Kafka Esq.

Franz Kafka earned his living as a corporate lawyer, toiling away in-house at the Workmen’s Accident Insurance Institute, a large Czech insurer. An academic press recently published a collection of documents he wrote on the job, described by a reviewer as including:

a panegyric welcoming … the new director of the Institute; long sections of annual reports of the Institute; polemical memoranda concerning such matters as the scope of compulsory insurance for building trades, the fixing of insurance premiums, and the inclusion of private automobiles in the category of enterprises that require insurance; his well-known paper on preventing accidents in the use of wood-planing machinery; memoranda in a couple of interminable contested cases; the jubilee report for the twenty-fifth anniversary of the Institute; and appeals for the creation of a public psychiatric hospital in wartime Bohemia and aid to disabled veterans.
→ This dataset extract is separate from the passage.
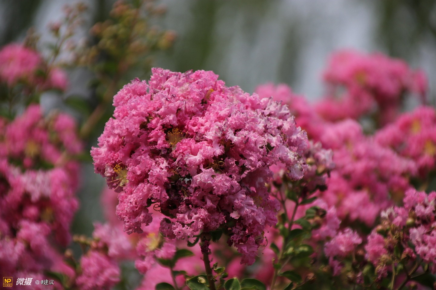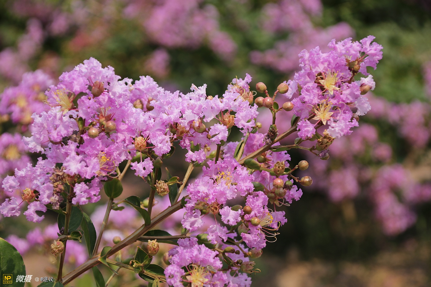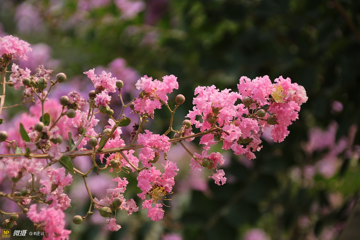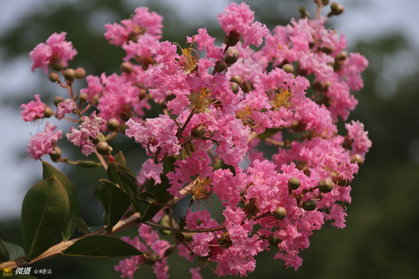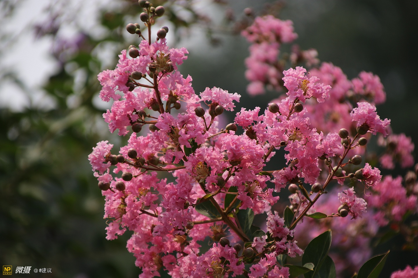 紫薇,别名:痒痒花、痒痒树、紫金花、紫兰花、蚊子花、西洋水杨梅、百日红、无皮树,拉丁文名:Lagerstroemia indica L. 千屈菜科、紫薇属落叶灌木或小乔木,高可达7米;树皮平滑,灰色或灰褐色;枝干多扭曲,小枝纤细,叶互生或有时对生,纸质,椭圆形、阔矩圆形或倒卵形,幼时绿色至黄色,成熟时或干燥时呈紫黑色,室背开裂;种子有翅,长约8毫米。花期6-9月,果期9-12月。紫薇树姿优美,树干光滑洁净,花色艳丽;开花时正当夏秋少花季节,花期长,故有“百日红”之称,又有“盛夏绿遮眼,此花红满堂”的赞语,是观花、观干、观根的盆景良材;根、皮、叶、花皆可入药。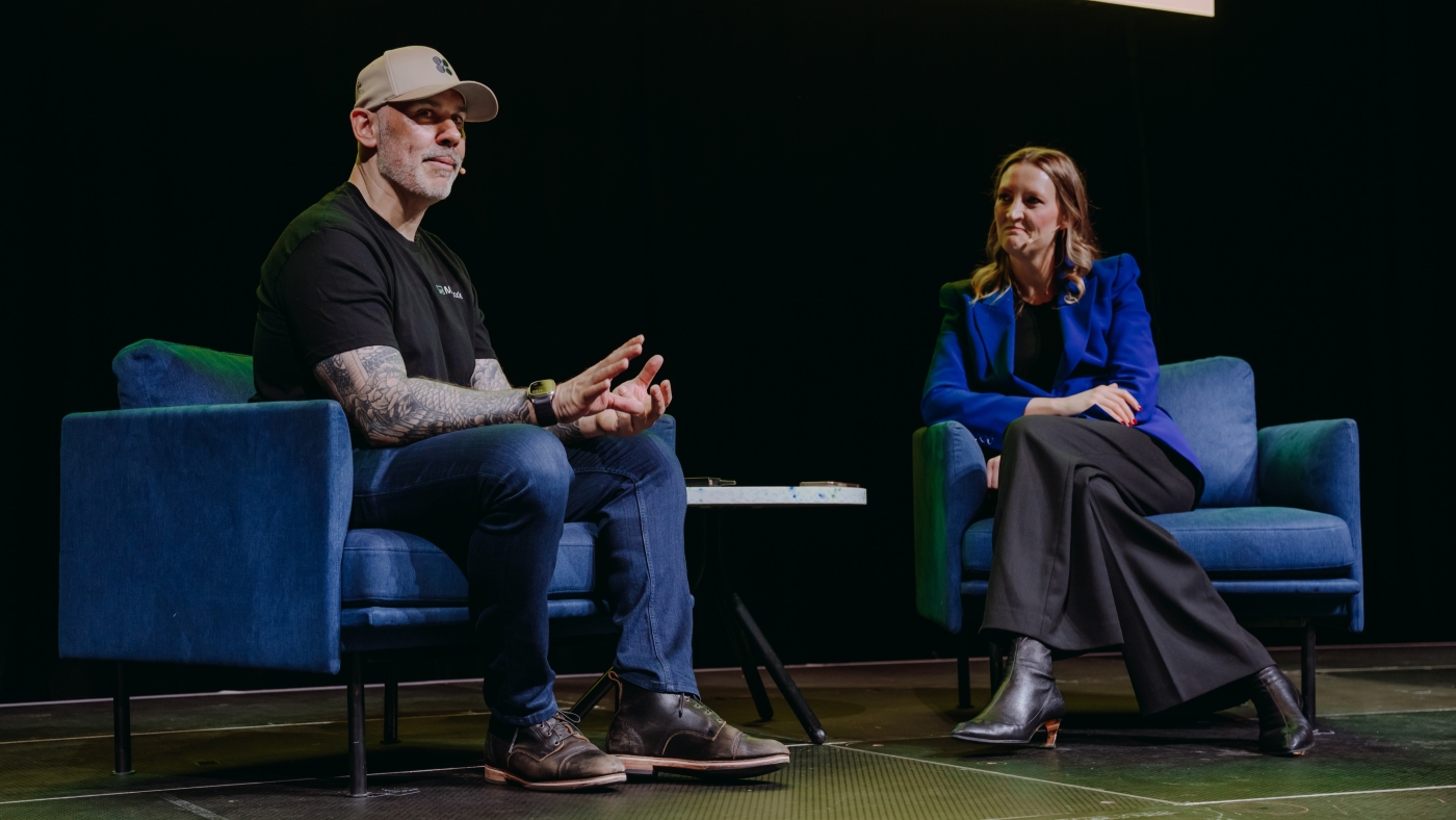Maincode CEO Dave Lemphers (left) speaking with scientific futurist Catherine Ball (right) at SXSW Sydney 2025. Image: Paul McMillan / Supplied

I’m a fan of Kafka’s fiction, and I’m a corporate lawyer, but even I can’t muster up any enthusiasm for reading his office papers. Not even his “well-known paper on preventing accidents in the use of wood-planing machinery.” It all seems deadly dull.

Then again, I am the guy who thought the world would be interested in the use of “as amended” in statutory citations and the proper pronunciation of “comptroller,” so who am I to turn up my nose?